Я шла на работу, и птицы пели, и клюка моя казалась легкой, я улыбалась, чувствуя себя любимой. Я улыбнулась заведующей, у которой сегодня было несчастное лицо. Я обрадовалась детям и смело пропела им запрещенную песенку. Я была счастлива несколько дней…
А потом началось плохое. По лицу Анфисы я поняла, что она знает. Анфиса вообще была на редкость чутка и догадлива: ты еще подумать не успела, а она знает. Однажды утром Я увидела ее враждебное лицо… Мне стало ясно, что делать: прекратить. Смешно, ничего не было, но и то, чего не было, следовало прекратить.

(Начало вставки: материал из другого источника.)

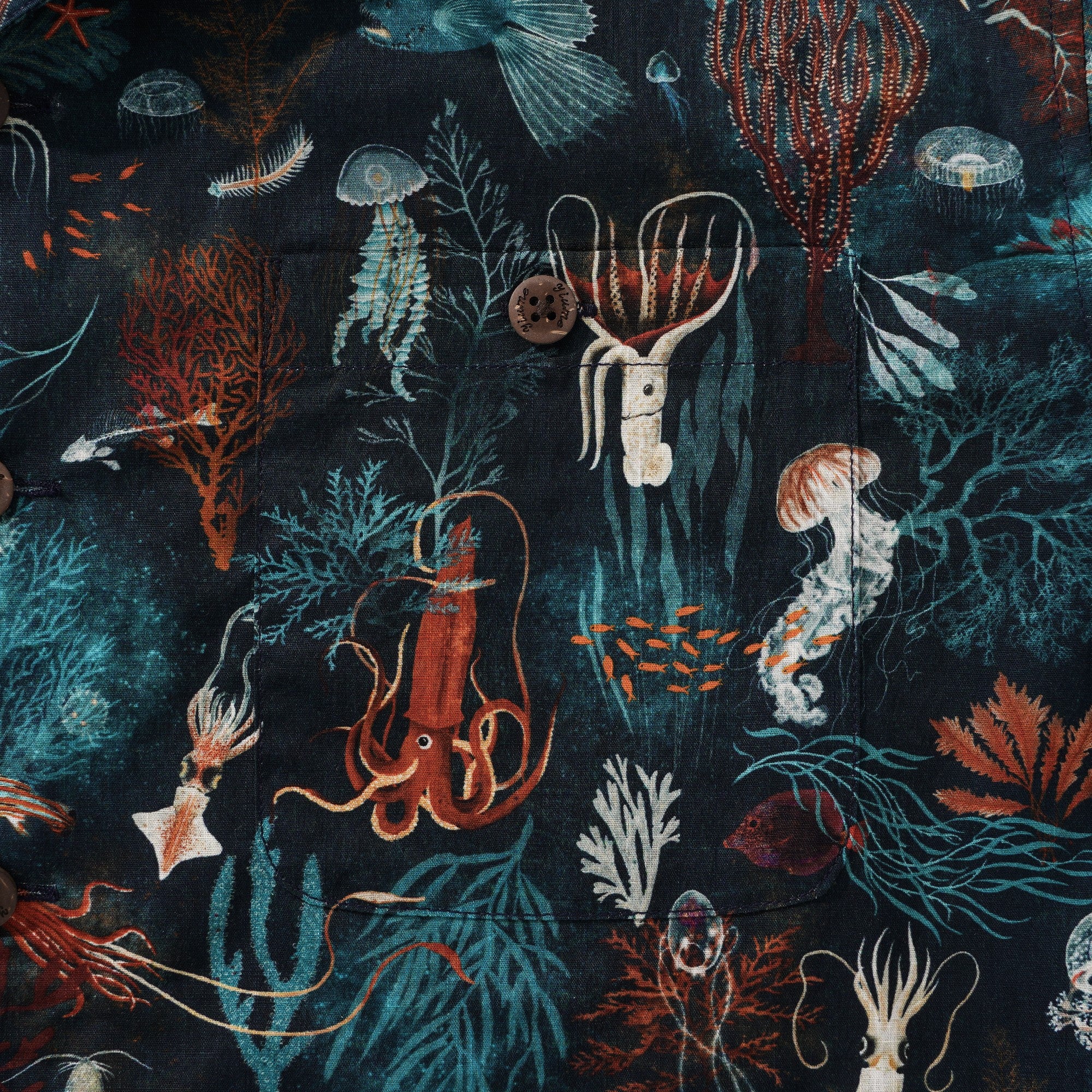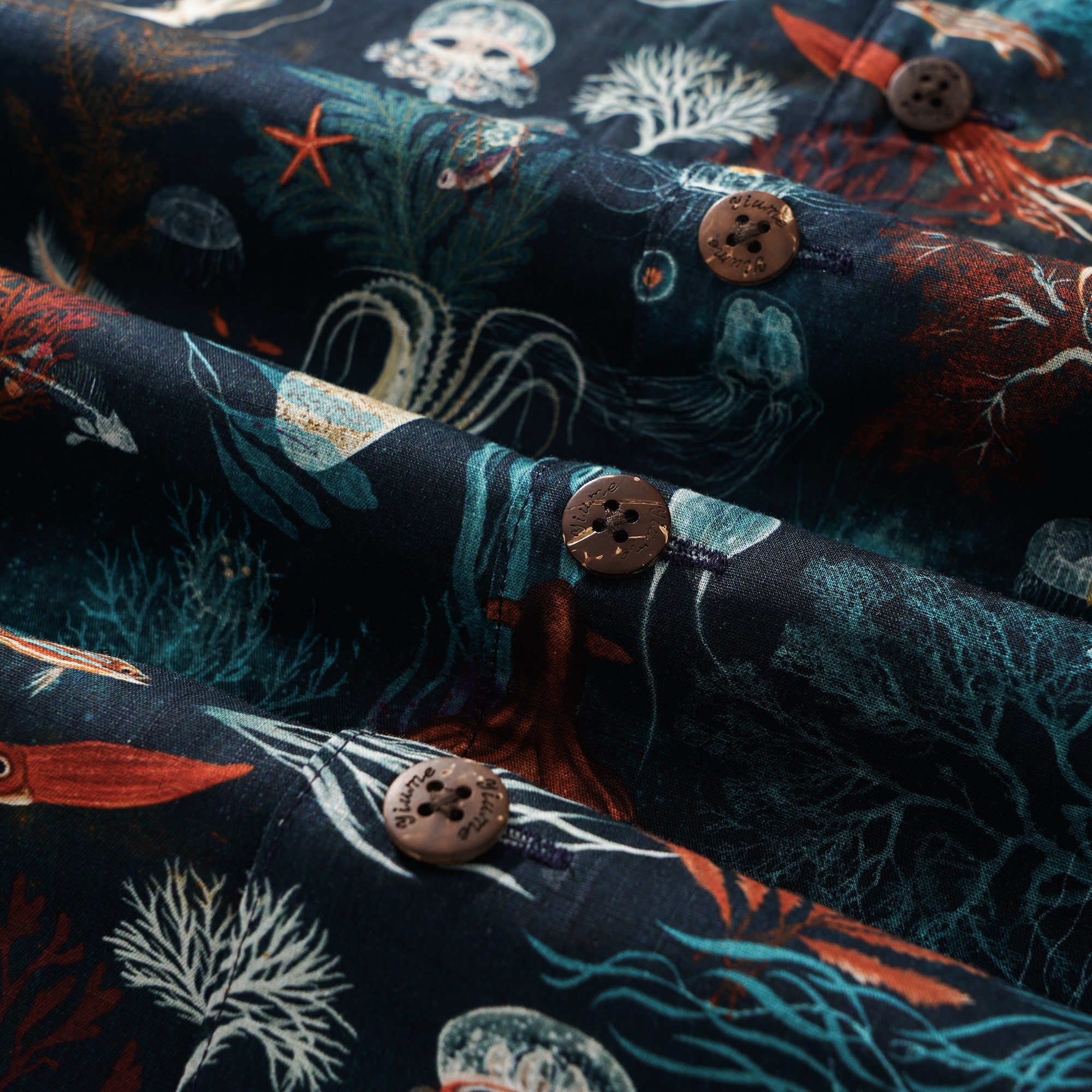 Diese exquisiten Hemden spiegeln meine anhaltende Leidenschaft für den Ozean und die bezaubernden Geheimnisse wider, die er unter der Oberfläche birgt, und sind eine Hommage an den anmutigen Tanz der Quallen und die rätselhafte Anziehungskraft der Tintenfische.
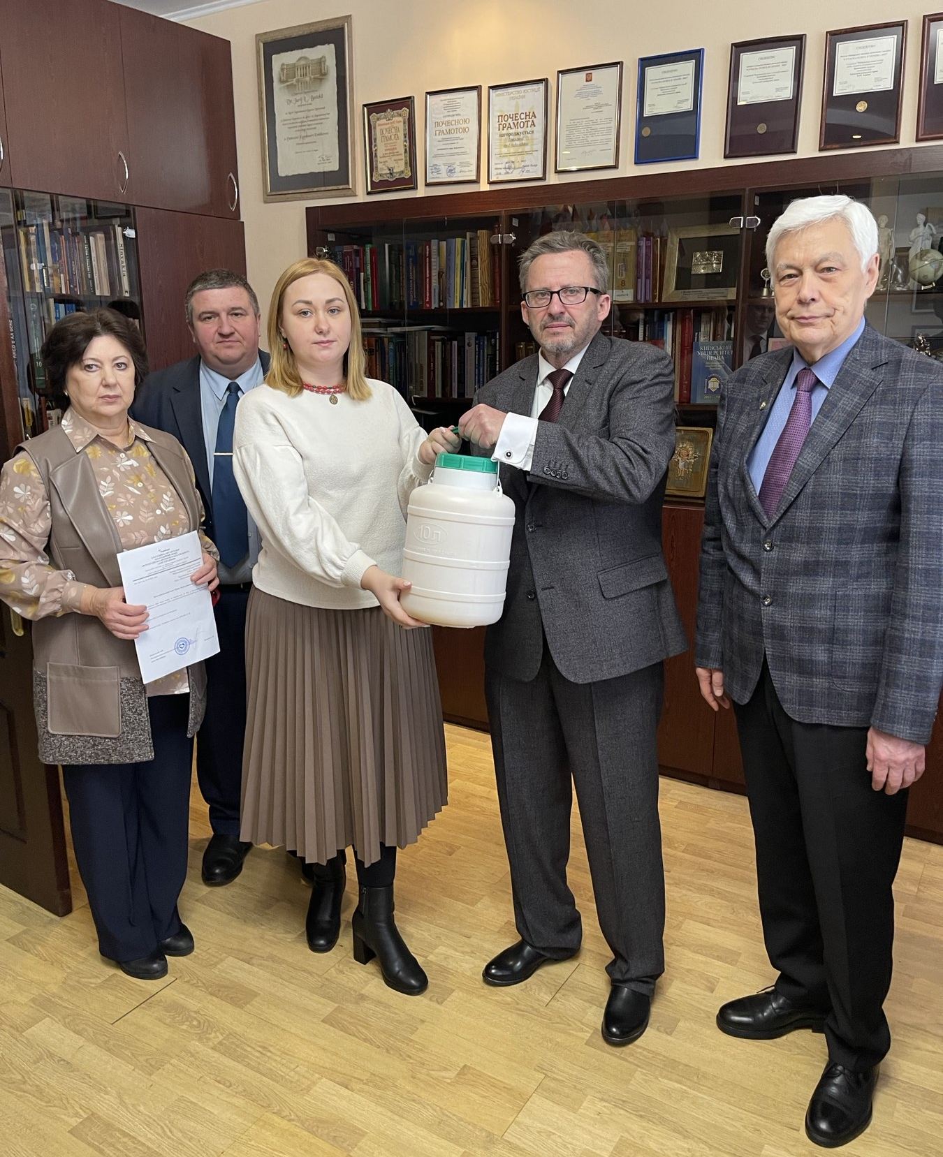 Натомість ректор Київського університету права Національної академії наук України Юрій Бошицький наголосив на тому, що університет на постійній основі активно займається благодійницькою діяльністю та вагомою підтримкою ЗСУ і на дієве підтвердження своїх слів подарував від університету бідон меду та інші «цікаві високотехнологічні подарунки» для військовослужбовців, які знаходяться на передовій лінії оборони.
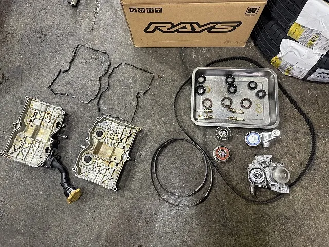 今回、カムカバーガスケットとプラグも新品交換。
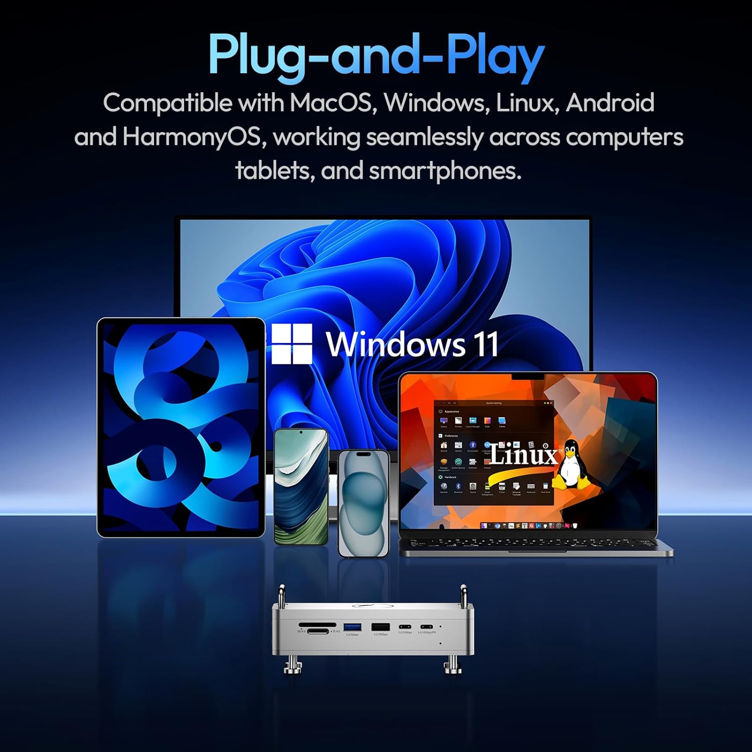 🔌【Cross-System Compatibility】Fully compatible with macOS (including Apple Mac Mini M4 & M4 Pro), Windows, Linux, Android, and HarmonyOS. No drivers needed—just plug and go. Great for anyone using the Mac Mini M4 Docking Station with multiple devices.
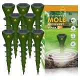 8 Pack Mole Repellent Screw Solar Powered Gopher Deterrent Stake for Outdoor Lawns with Electic Vibration, Repels Snake Vole Groundhog Armadillo from Yard and Garden
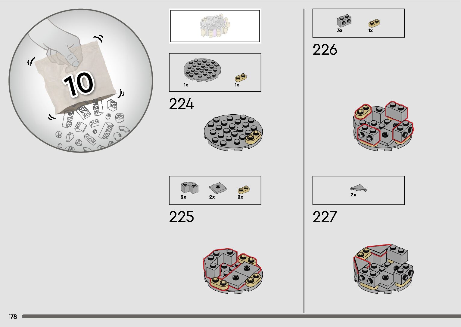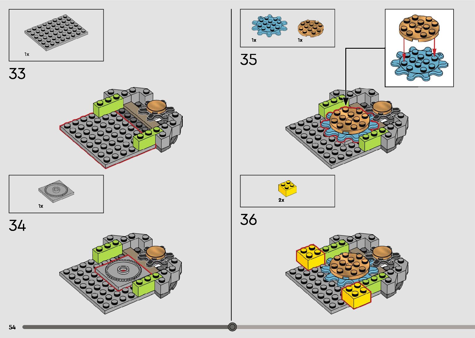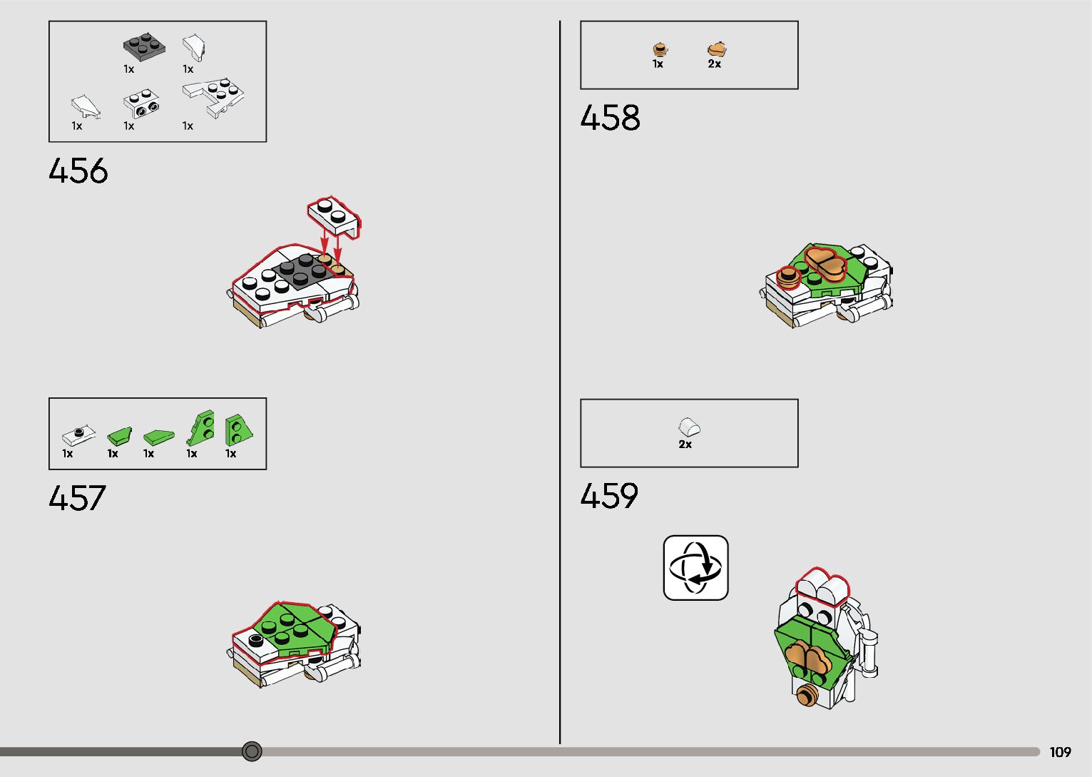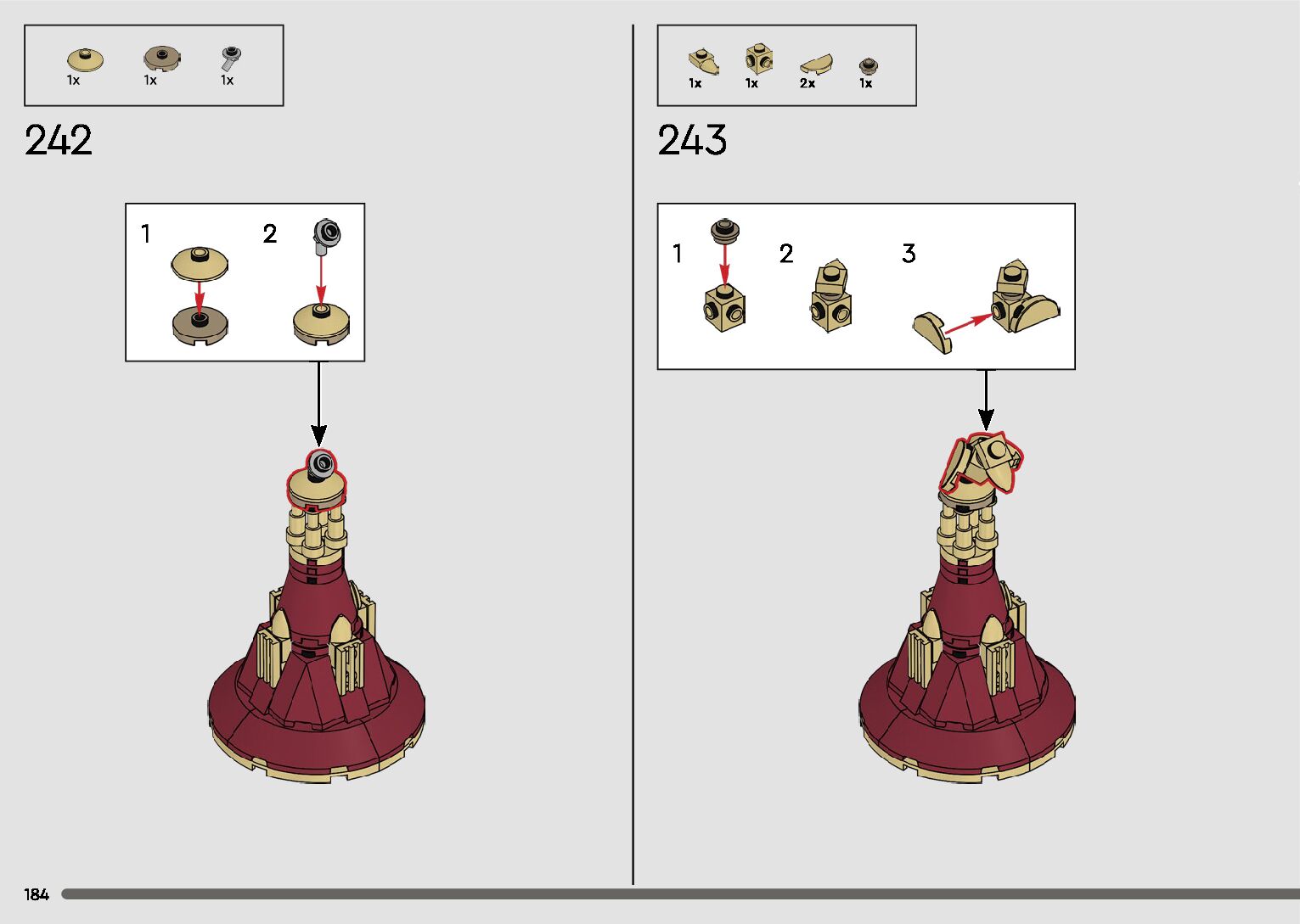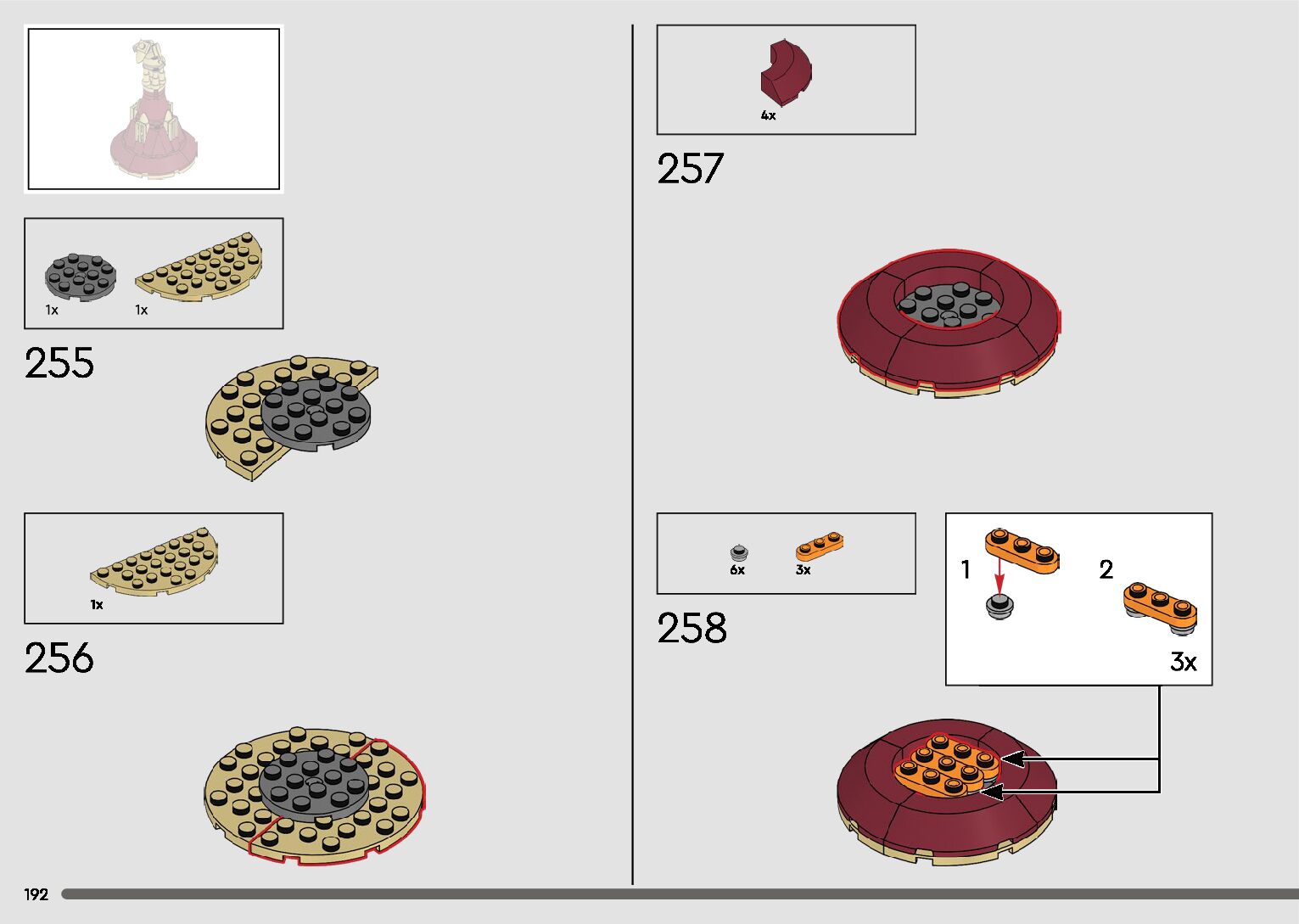 The assembly guide is prepared in a very understandable way for children and adult LEGO enthusiasts. A total of 384 picture galleries are shown, explaining the step-by-step construction stages for 2 different structures.

Когда Федор зашел ко мне опять с букетом, я сказала ему:
— Федор Савельевич, не надо вам больше сюда ходить.
Он побледнел, все понял.
— Это она вам сказала?
— Нет, я сама.
Федор помолчал, потом сказал "эх!", ударил себя букетом по бедру и вышел, прихрамывая. Я смотрела ему в спину, и, помню, меня поразила мысль, что мы оба хромые — и я и он. Раньше я как-то не замечала, что он хромой.
После этого Федор больше ко мне не заходил. Встречая меня в коридоре, он кланялся одной головой, но не заговаривал. Через Капу я знала, что пить он стал еще больше. Однажды я подошла к телефону. "Громов ваш? — спросили меня. — Звонят из вытрезвителя, можете его забрать". Погибая от стыда, я позвала Анфису. Какая непримиримость ко мне была на ее лице, когда она говорила по телефону "да, да" и повторяла адрес…
А потом за пьянку и прогулы Федора уволили с работы. Спасибо, что не судили: директор спас, пожалел фронтовика.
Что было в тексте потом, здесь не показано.